BG--I agree it is a DoD construct. My point is those constructs are used to build arguments for dollar allocations. You gather simliar programs under a roles and missions banner, get your own ASD directorship and your off to the feed trough...it's the third floor way to go. You've got a SOF CSA and now you've got a SOF CSAF. Their title 10 responsibility is to organize, train and equip. That's dollars.

I agree with Publius. DoD exists to defend the Constituted United States. The fact that they plan to do it on somebody else's shores is a good thing. It is the harvest of never bringing a knife to a gun fight. No matter how violent, wily and clever insurgents, terrorists, irregulars are...whatever you want to call them, they will never topple the government through force of arms. Only a big dog can do that. From my fighter jock days...you always deal with the most lethal and closest threat first...the rest becomes a mop-up exercise. We can't not keep near peer competitors on the back burner. They have to be at the forefront of American military planning.

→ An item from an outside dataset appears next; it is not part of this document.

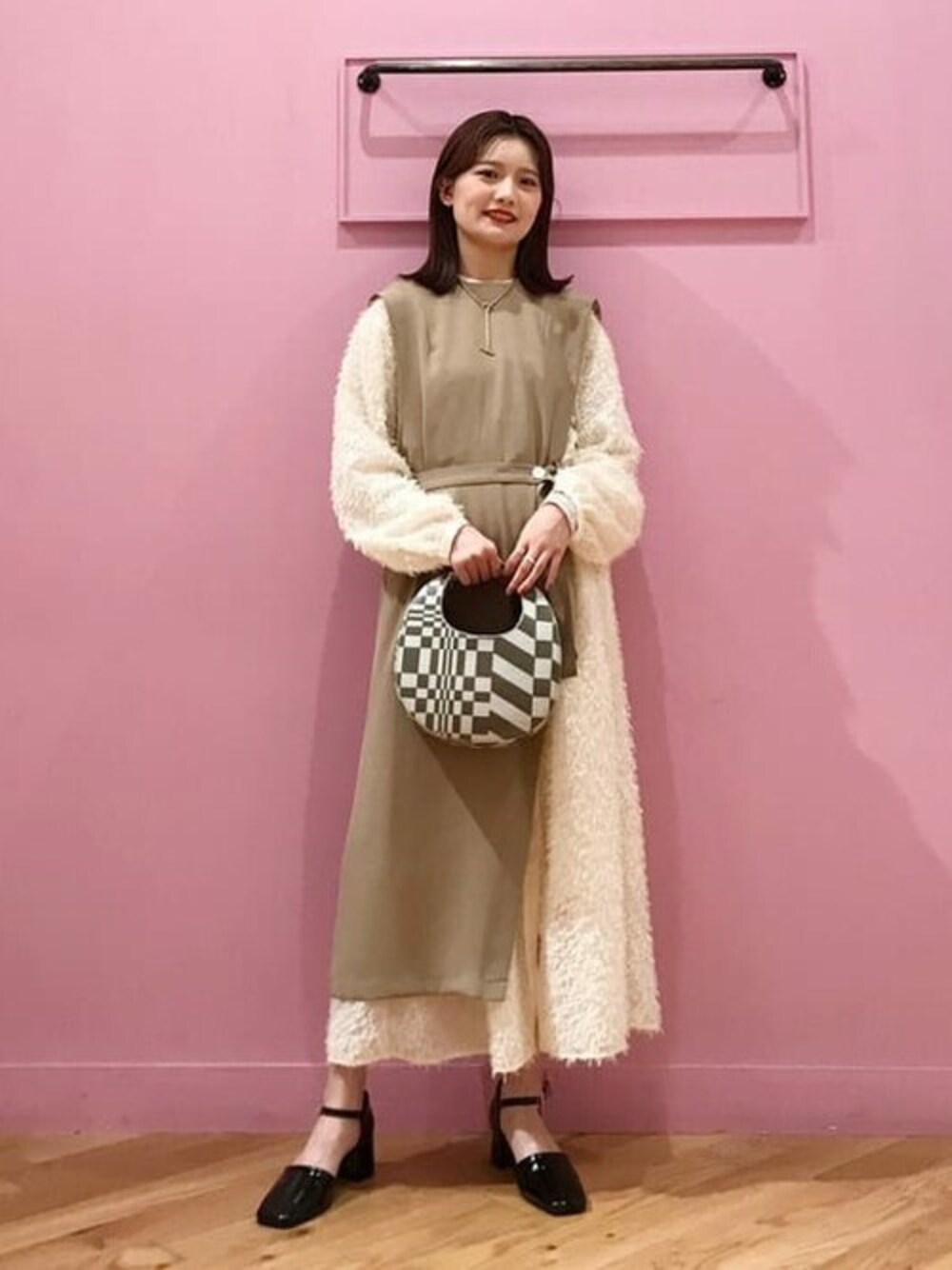バッグをアクセントにした綺麗めなスタイリングです!ふわふわっとした生地感のワンピースは前開きなので着回し力もありますよ◎気になるアイテムございましたらいつでも見返せる【お気に入り】をぜひご活用ください♪

Which doesn't mean you discard the stilettos either. They work really well when properly applied and nobody...no matter what any garment-rending, whip-smart reporter tries to tell us all...nobody does that better than we do. You don't see Iraqi insurgents taking down our field leadership. But daily we take theirs down. You don't see us on the run anywhere...even when we're 7,000 miles away in two foreign lands...but Al Qaeda is running. They might be firing back as they're running...but running they are.

The trick, as always, is proper balance. Now there is some imbalance going on. We need to be better informed in the field. UAV's do that for us because they are an asymmetrical advantage for us. With better information at a faster rate...we can bring superior fire power to bear and win every engagement against irregulars. Preaching to the choir I'm sure. So we need more NRT intelligence platforms and we need them now. OK...DoD address the imbalance sooner rather than later. We did the same with MRAPs vs HUMVEES. It took longer than the uninformed thought it should have...but it was lightning quick to the better informed.

And DoD needs to fully embrace the softer capabilities that SOF brings to the table...the art of winning hearts and minds before you are forced to grab the intransigent by the balls. Proper coordinated effort among State, SOF, and traditional hard power can narrow the field and provide focus to decisive military ops to attain national goals.

My fear is that the stiletto pushers will swing the pendulum too far. If ever there was momentum for that on the horizon...it is with a democratic president and senior leadership filled up with SOF folks.

To Ghost...back to the sauce my friend...let it ease you past your present stupification and into blissful inconsciousness.